Joseph Devon has invested a lot of time, philosophical thinking, and effort into this book, and it shows. I would say he has put some of his soul into writing Probability Angels, and that it transcends the printed page and, at its best, enters into the world of Art, like the best paintings and sculptures do. Besides the humorous moments, and the tendency of Epp and the other probability angels of calling humans “meat bags,” there are ones of intense sadness, like when Matthew is faced with the choice between life for himself, or life for his pregnant wife, and he chooses life for his wife.

Another example is when he is given the choice of following his daughter around as an angel, being with her without her ever knowing it, not being able to help when she might need it, or to cut all ties with her and his wife and to push other people to greatness, like Shakespeare was pushed, as Epp tells him: “The upside is that you can be greatness itself. You could be Shakespeare’s broken heart, Beethoven’s deaf ears, Van Gogh’s madness. You could be Kellar’s scarlet fever, Roebling’s crushed left foot, the color of Dr.
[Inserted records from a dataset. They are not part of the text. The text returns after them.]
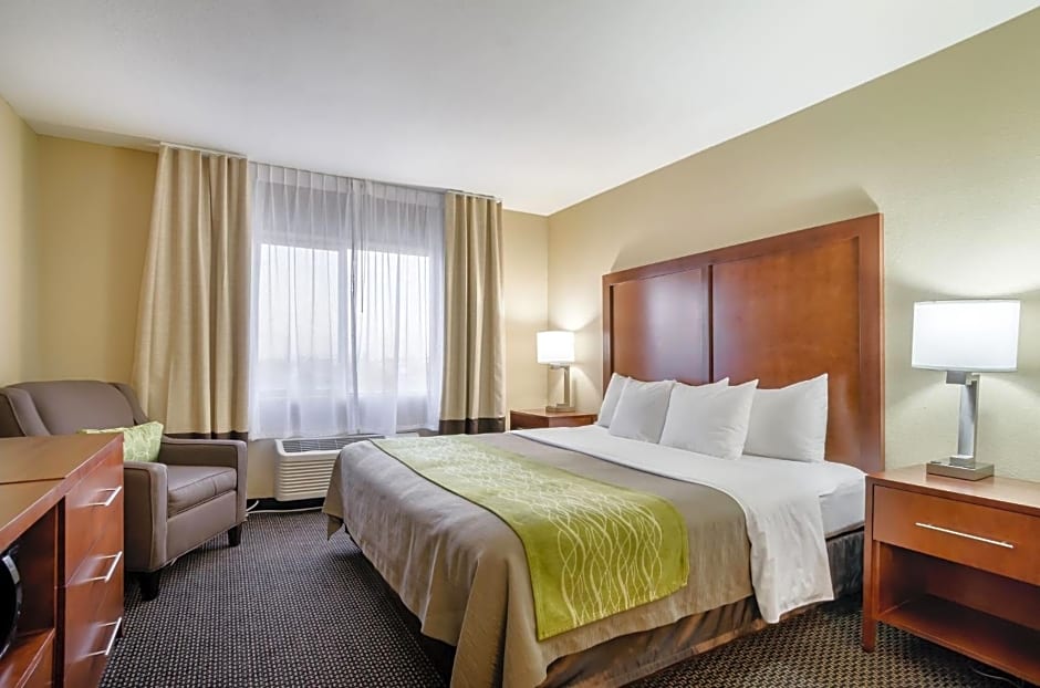 Comfort Inn Garden City offers a variety of room types including King Suites, Superior King Suites, King Rooms, King Rooms with accessibility features, and Queen Rooms with Two Queen Beds. All rooms are non-smoking and have different sizes ranging from 323 sqft to 344 sqft. The occupancy varies depending on the room type, accommodating between 2 adults and 1 child up to 4 adults and 3 children. Bed sizes range from King size beds to Queen size beds, with some rooms also having a sofa bed.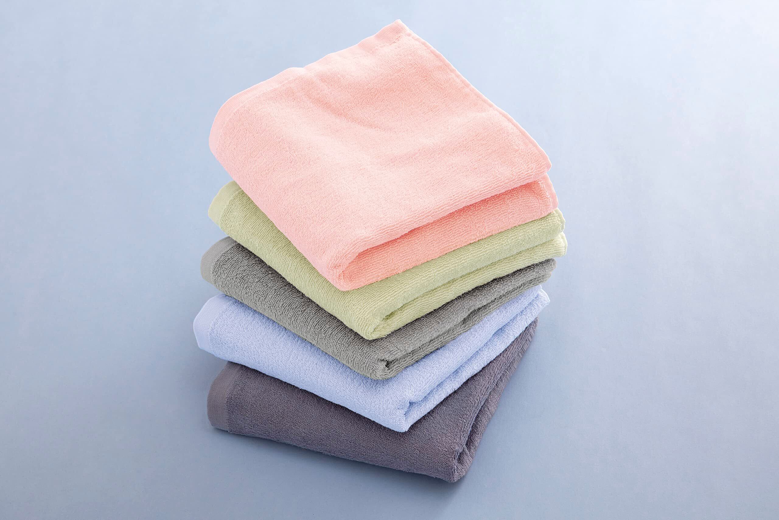 飽きのこない無地カラーの5色セット。薄手なのに丈夫なので、業務用や一般のご家庭でもお使いになりやすいコストパフォーマンスの良いタオルです。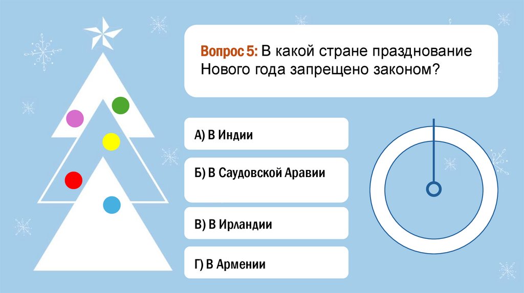 Вопрос 5: В какой стране празднованиеНового года запрещено законом?

King’s skin. You could be the entry for light to pass into the soul. You could be the reason the everything worth doing on this rock ever gets done.”

Reading writing as good as this made me feel, as I was reading, that if probability angels actually exist, one of them must have pushed and touched Joseph Devon’s soul, as well. He is one of the most talented and interesting authors around, and deserves to gain a larger reading audience for his work. I would highly recommend Probability Angels to everyone.